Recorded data
☆ ☆ ☆ ☆ ☆ ☆ ☆

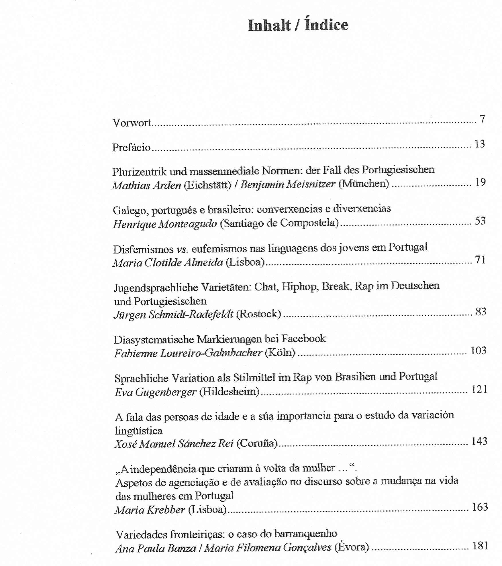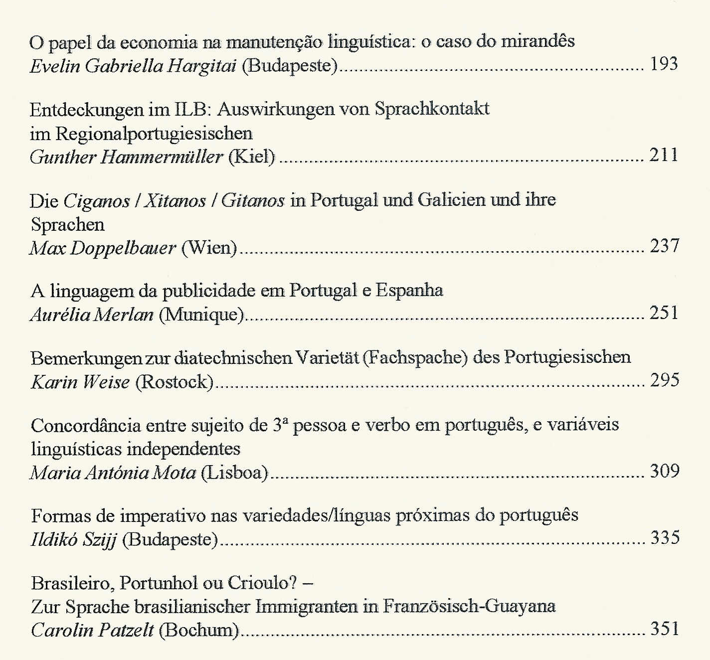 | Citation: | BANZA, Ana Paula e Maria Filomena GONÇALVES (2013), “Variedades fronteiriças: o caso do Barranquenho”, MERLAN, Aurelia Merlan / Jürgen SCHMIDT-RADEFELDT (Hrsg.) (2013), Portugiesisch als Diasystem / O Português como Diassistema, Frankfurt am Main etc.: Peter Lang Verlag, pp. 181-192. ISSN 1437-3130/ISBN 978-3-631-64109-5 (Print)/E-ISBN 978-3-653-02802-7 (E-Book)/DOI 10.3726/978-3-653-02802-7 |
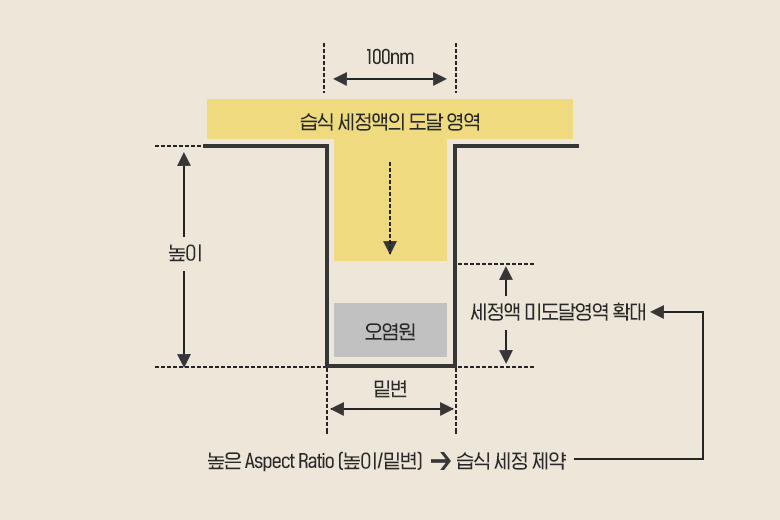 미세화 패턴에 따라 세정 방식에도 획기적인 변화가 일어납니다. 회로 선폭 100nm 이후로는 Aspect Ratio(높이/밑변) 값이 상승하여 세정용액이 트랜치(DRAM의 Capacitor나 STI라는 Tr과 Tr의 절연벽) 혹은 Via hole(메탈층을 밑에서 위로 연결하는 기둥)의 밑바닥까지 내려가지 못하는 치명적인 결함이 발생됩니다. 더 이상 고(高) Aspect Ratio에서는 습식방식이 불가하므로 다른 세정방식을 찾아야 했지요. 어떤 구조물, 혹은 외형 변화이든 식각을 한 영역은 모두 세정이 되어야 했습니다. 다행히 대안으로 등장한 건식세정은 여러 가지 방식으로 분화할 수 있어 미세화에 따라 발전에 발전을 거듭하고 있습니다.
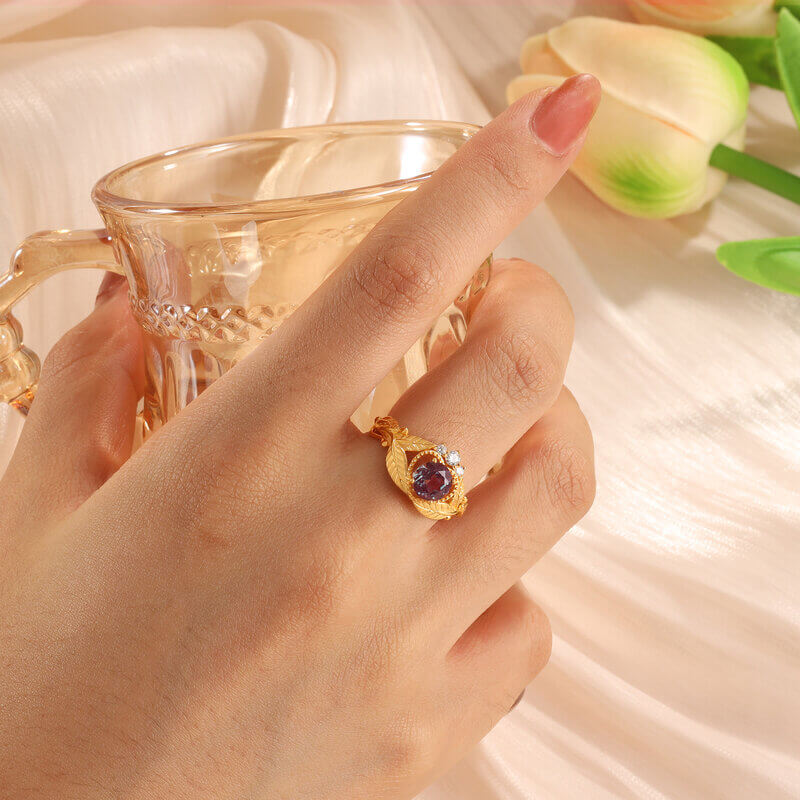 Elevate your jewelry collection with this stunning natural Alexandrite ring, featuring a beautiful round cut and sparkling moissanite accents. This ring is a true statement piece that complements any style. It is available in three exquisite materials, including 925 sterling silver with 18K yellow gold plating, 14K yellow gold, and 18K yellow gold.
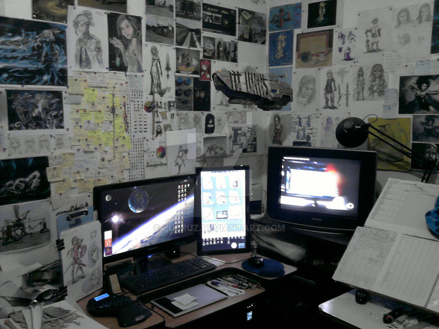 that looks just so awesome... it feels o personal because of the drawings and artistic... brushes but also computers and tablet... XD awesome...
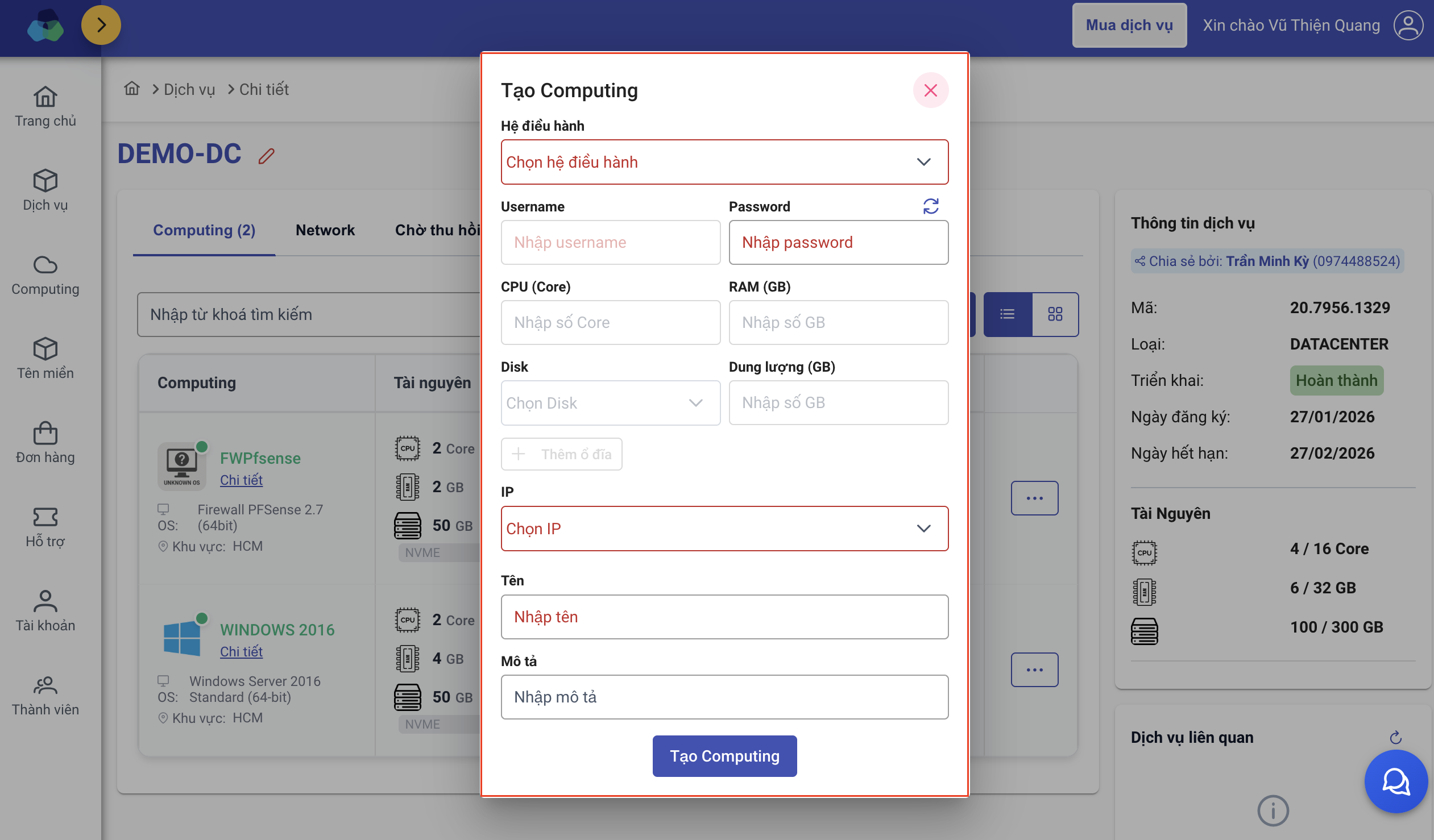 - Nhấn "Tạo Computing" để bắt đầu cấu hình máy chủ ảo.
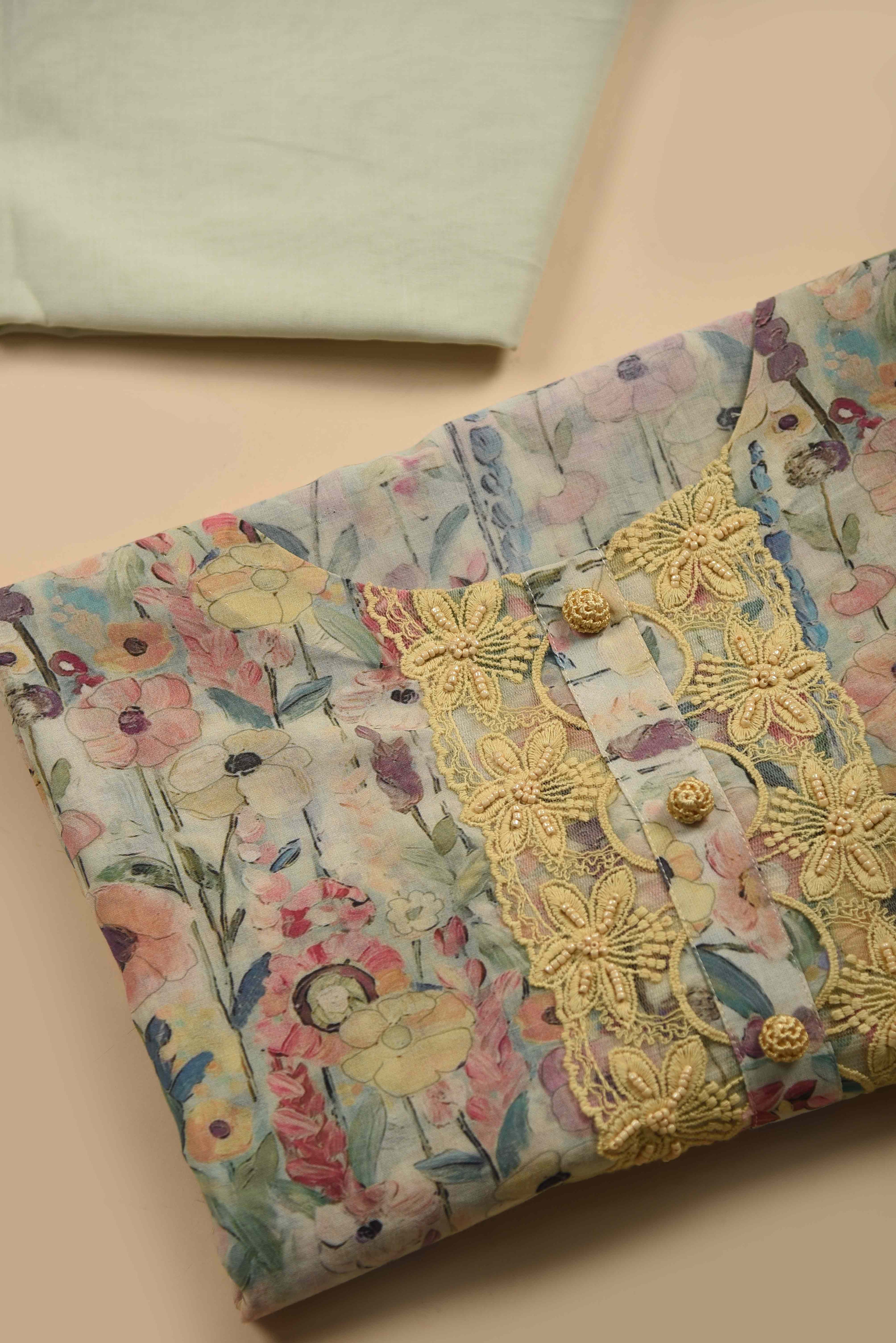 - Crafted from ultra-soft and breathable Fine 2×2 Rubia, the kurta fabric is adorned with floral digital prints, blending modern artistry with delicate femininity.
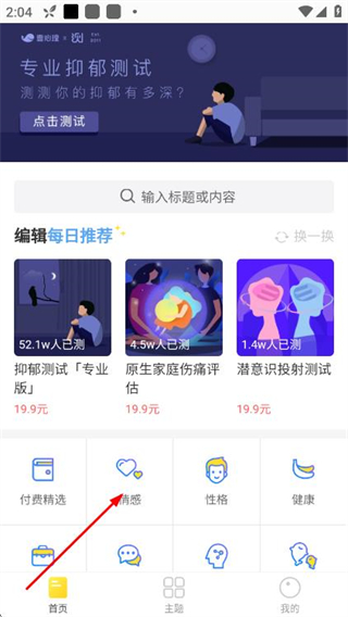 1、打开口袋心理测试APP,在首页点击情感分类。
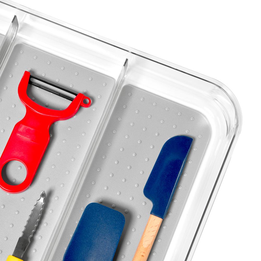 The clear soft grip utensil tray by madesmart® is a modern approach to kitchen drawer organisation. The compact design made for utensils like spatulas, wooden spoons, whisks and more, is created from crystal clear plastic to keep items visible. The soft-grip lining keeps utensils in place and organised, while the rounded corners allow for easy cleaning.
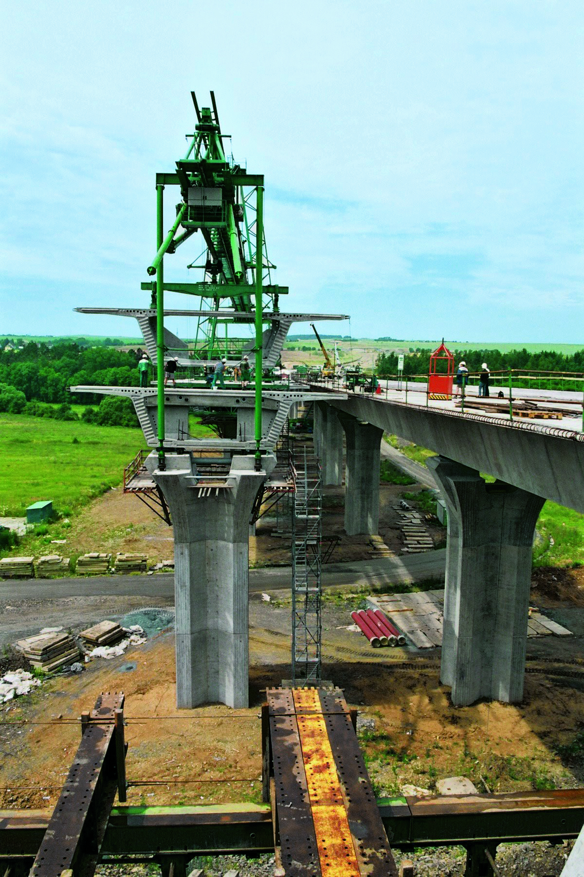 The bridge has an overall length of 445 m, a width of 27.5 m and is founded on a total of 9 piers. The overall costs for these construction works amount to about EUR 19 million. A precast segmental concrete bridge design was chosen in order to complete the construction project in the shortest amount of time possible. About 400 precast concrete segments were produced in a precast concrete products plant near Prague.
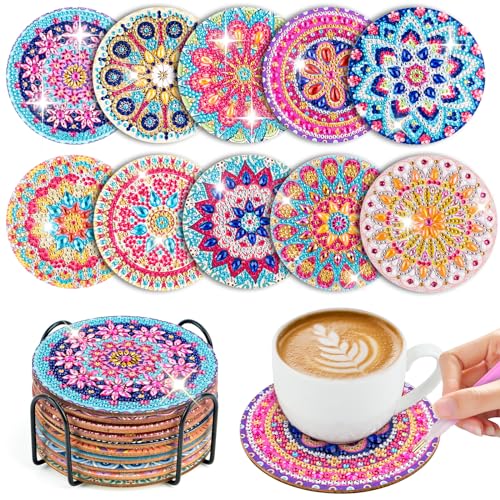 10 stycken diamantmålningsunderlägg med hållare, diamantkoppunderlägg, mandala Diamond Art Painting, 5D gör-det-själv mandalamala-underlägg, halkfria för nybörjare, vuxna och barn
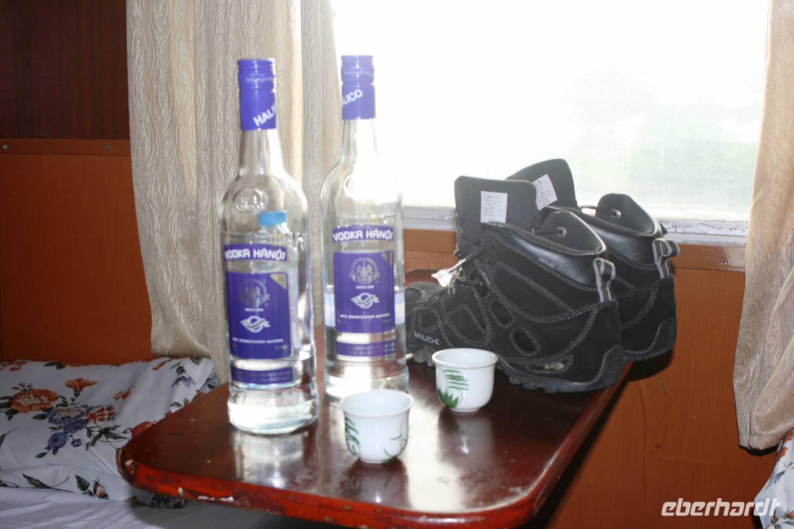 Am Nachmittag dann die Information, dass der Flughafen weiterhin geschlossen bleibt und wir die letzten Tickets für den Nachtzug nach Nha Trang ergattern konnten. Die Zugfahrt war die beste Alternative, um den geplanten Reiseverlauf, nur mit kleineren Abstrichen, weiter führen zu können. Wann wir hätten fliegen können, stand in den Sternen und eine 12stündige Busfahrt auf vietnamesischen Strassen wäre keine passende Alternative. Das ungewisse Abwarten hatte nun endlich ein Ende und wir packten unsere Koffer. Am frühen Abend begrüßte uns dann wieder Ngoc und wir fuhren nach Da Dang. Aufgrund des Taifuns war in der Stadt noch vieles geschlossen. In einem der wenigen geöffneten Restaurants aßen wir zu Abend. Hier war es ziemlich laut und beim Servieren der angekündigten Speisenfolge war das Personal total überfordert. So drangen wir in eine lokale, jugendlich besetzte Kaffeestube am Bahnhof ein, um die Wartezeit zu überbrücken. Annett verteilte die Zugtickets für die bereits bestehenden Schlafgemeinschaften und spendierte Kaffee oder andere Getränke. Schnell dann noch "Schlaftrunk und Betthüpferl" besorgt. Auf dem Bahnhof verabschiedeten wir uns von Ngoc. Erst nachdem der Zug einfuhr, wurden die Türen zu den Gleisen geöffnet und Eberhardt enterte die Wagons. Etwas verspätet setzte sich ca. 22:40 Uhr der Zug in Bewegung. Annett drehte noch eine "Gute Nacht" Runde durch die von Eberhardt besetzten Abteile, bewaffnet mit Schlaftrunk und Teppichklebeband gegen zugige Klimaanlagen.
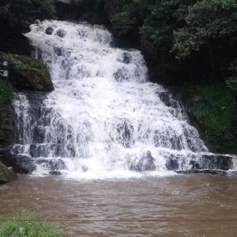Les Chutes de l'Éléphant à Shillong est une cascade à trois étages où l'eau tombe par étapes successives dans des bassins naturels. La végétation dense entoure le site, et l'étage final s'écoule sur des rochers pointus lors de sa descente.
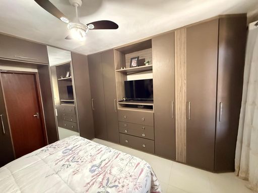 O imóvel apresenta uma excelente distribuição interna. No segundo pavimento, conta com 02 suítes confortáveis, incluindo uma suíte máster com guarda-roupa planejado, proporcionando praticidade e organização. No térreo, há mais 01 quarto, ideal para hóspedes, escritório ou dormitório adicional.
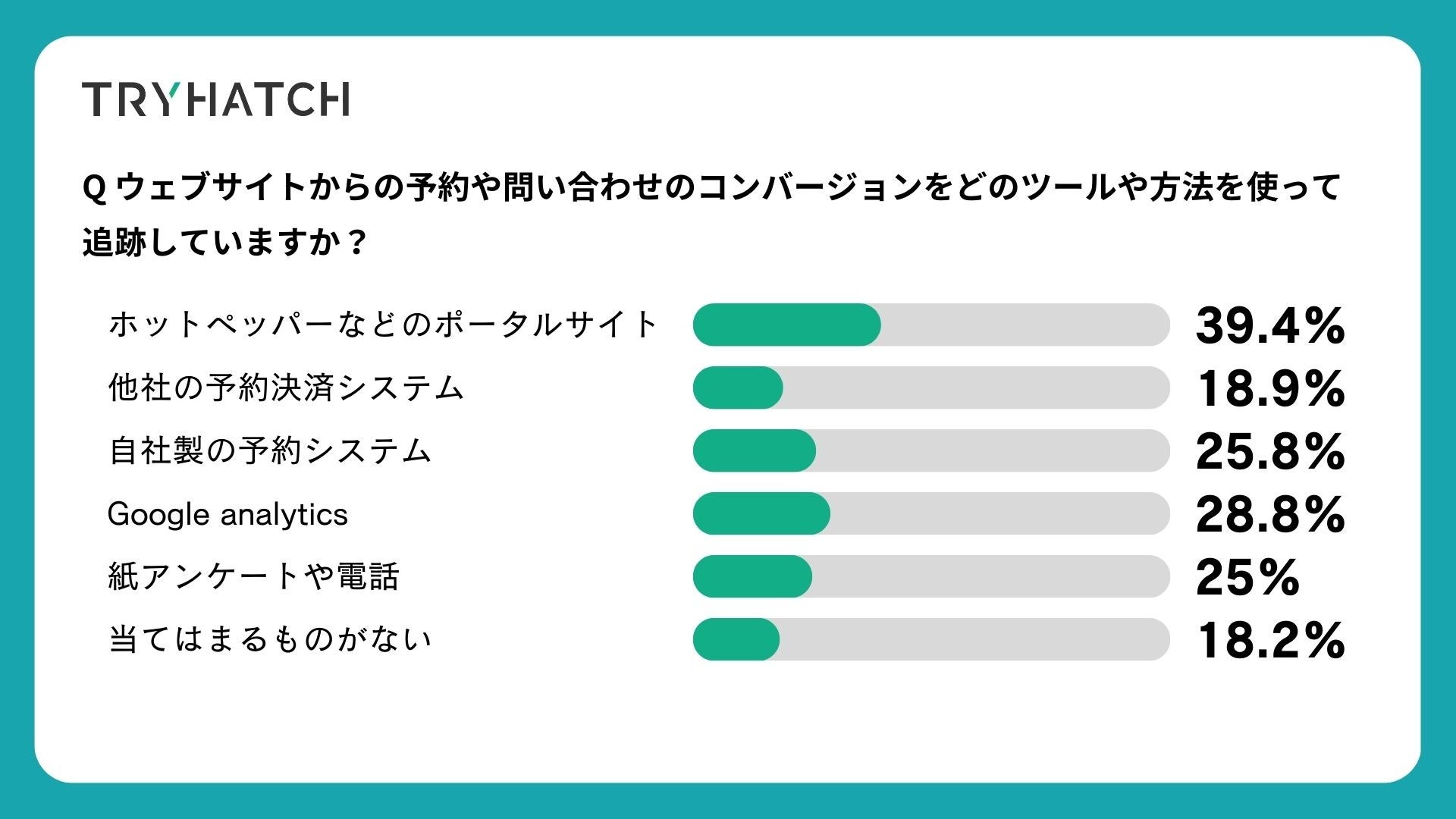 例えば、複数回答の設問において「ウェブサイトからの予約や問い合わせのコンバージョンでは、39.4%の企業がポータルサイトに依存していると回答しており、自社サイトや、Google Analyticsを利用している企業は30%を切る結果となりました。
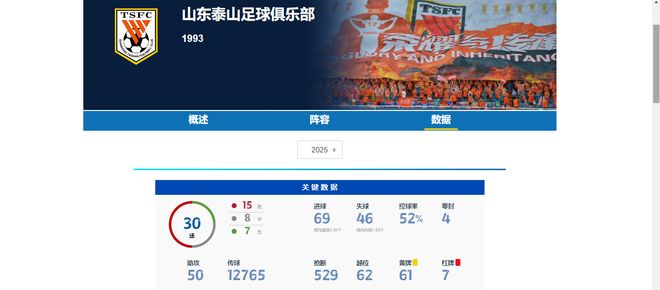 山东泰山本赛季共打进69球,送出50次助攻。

☆ ☆ ☆ ☆ ☆ ☆ ☆

The answer should contain nothing but the lines from the top of the data above through the line containing "1、打开口袋心理测试APP,在首页点击情感分类。", copied exactly, with no images.

### [Task output]
 | Citation: | BANZA, Ana Paula e Maria Filomena GONÇALVES (2013), “Variedades fronteiriças: o caso do Barranquenho”, MERLAN, Aurelia Merlan / Jürgen SCHMIDT-RADEFELDT (Hrsg.) (2013), Portugiesisch als Diasystem / O Português como Diassistema, Frankfurt am Main etc.: Peter Lang Verlag, pp. 181-192. ISSN 1437-3130/ISBN 978-3-631-64109-5 (Print)/E-ISBN 978-3-653-02802-7 (E-Book)/DOI 10.3726/978-3-653-02802-7 |
 미세화 패턴에 따라 세정 방식에도 획기적인 변화가 일어납니다. 회로 선폭 100nm 이후로는 Aspect Ratio(높이/밑변) 값이 상승하여 세정용액이 트랜치(DRAM의 Capacitor나 STI라는 Tr과 Tr의 절연벽) 혹은 Via hole(메탈층을 밑에서 위로 연결하는 기둥)의 밑바닥까지 내려가지 못하는 치명적인 결함이 발생됩니다. 더 이상 고(高) Aspect Ratio에서는 습식방식이 불가하므로 다른 세정방식을 찾아야 했지요. 어떤 구조물, 혹은 외형 변화이든 식각을 한 영역은 모두 세정이 되어야 했습니다. 다행히 대안으로 등장한 건식세정은 여러 가지 방식으로 분화할 수 있어 미세화에 따라 발전에 발전을 거듭하고 있습니다.
 Elevate your jewelry collection with this stunning natural Alexandrite ring, featuring a beautiful round cut and sparkling moissanite accents. This ring is a true statement piece that complements any style. It is available in three exquisite materials, including 925 sterling silver with 18K yellow gold plating, 14K yellow gold, and 18K yellow gold.
 that looks just so awesome... it feels o personal because of the drawings and artistic... brushes but also computers and tablet... XD awesome...
 - Nhấn "Tạo Computing" để bắt đầu cấu hình máy chủ ảo.
 - Crafted from ultra-soft and breathable Fine 2×2 Rubia, the kurta fabric is adorned with floral digital prints, blending modern artistry with delicate femininity.
 1、打开口袋心理测试APP,在首页点击情感分类。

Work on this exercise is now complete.